Undergraduate Grading
(students will choose by selecting whether to do a final project or an additional HW set)

Option I   Option II
Written HW35%  Written HW25%
Programming HW35%  Programming HW25%
Exams30%  Exams20%
Final Project:Optional Extra Credit  Final Project30%

Graduate Grading

Written HW25%
Programming HW25%
Final Project30%

Academic Integrity Every student has the responsibility to become familiar with the standards of academic integrity at the University. Faculty members must specify in their syllabi information about academic integrity, and may refer students to this policy for more information. Nonetheless, student claims of ignorance, unintentional error, or personal or academic pressures cannot be excuses for violation of academic integrity. Students are responsible for familiarizing themselves with the standards and behaving accordingly, and UAlbany faculty are responsible for teaching, modeling and upholding them. Anything less undermines the worth and value of our intellectual work, and the reputation and credibility of the University at Albany degree.
(University’s Standards of Academic Integrity Policy, Fall 2018)

The discovery of cheating on any exam or plagiarism on any homework will result in a failing grade and a report to the Chair of your department and/or the Dean of Undergraduate Studies.

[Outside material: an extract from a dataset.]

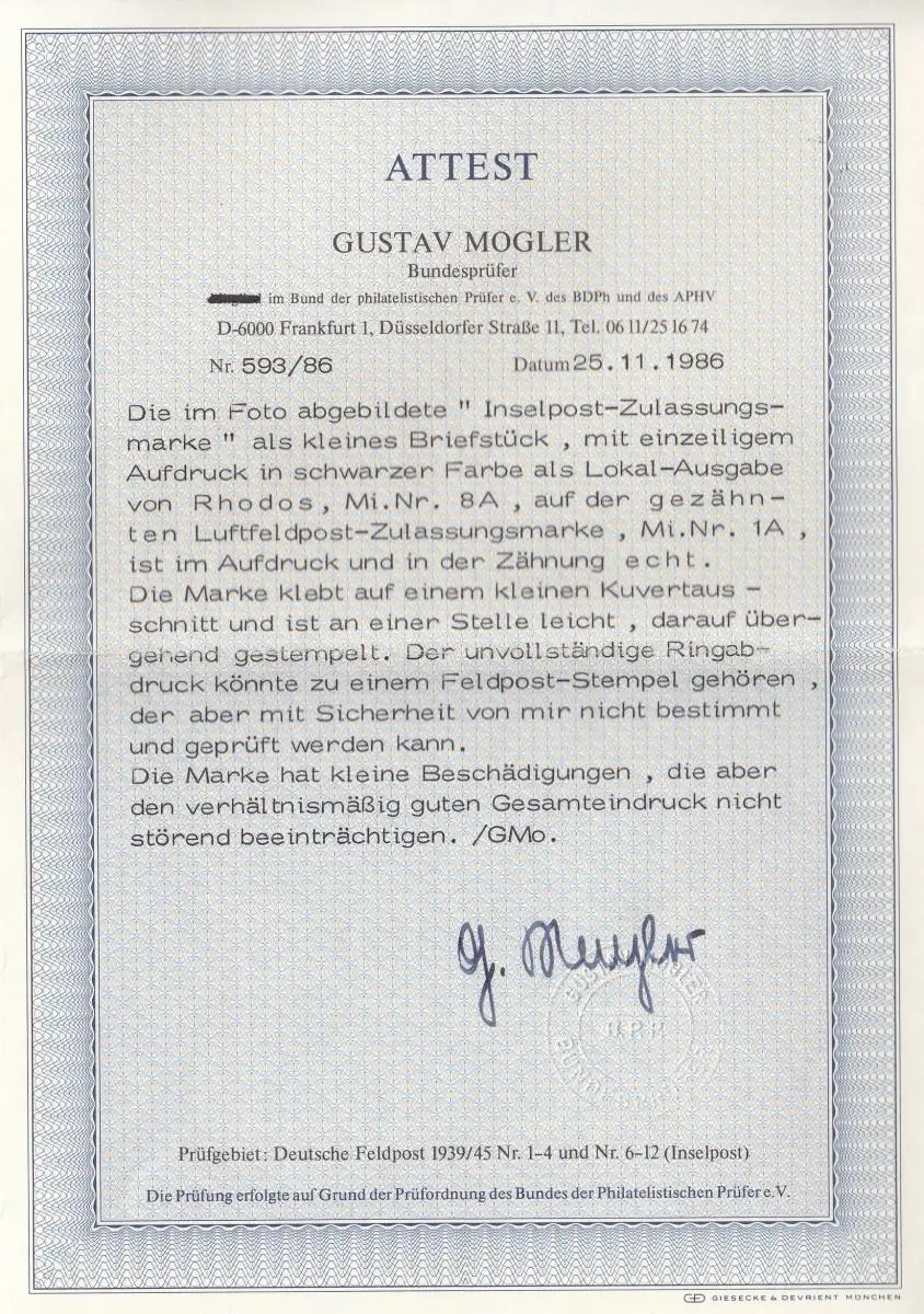 Poste de terrain: numéro 8A, cacheté, Rhodes, BPP Attest

Class Behavior While in class, students may not use cell phones or engage in any other type of disruptive behavior. Computers and tablets are allowed if being used for class activities, such as note-taking or visiting websites being discussed in class. The risk is being asked to leave the class. All students must be seated on time (that is, before the lecture begins); latecomers may be turned away at the door. Permission ahead of time is required for any student who must leave class early.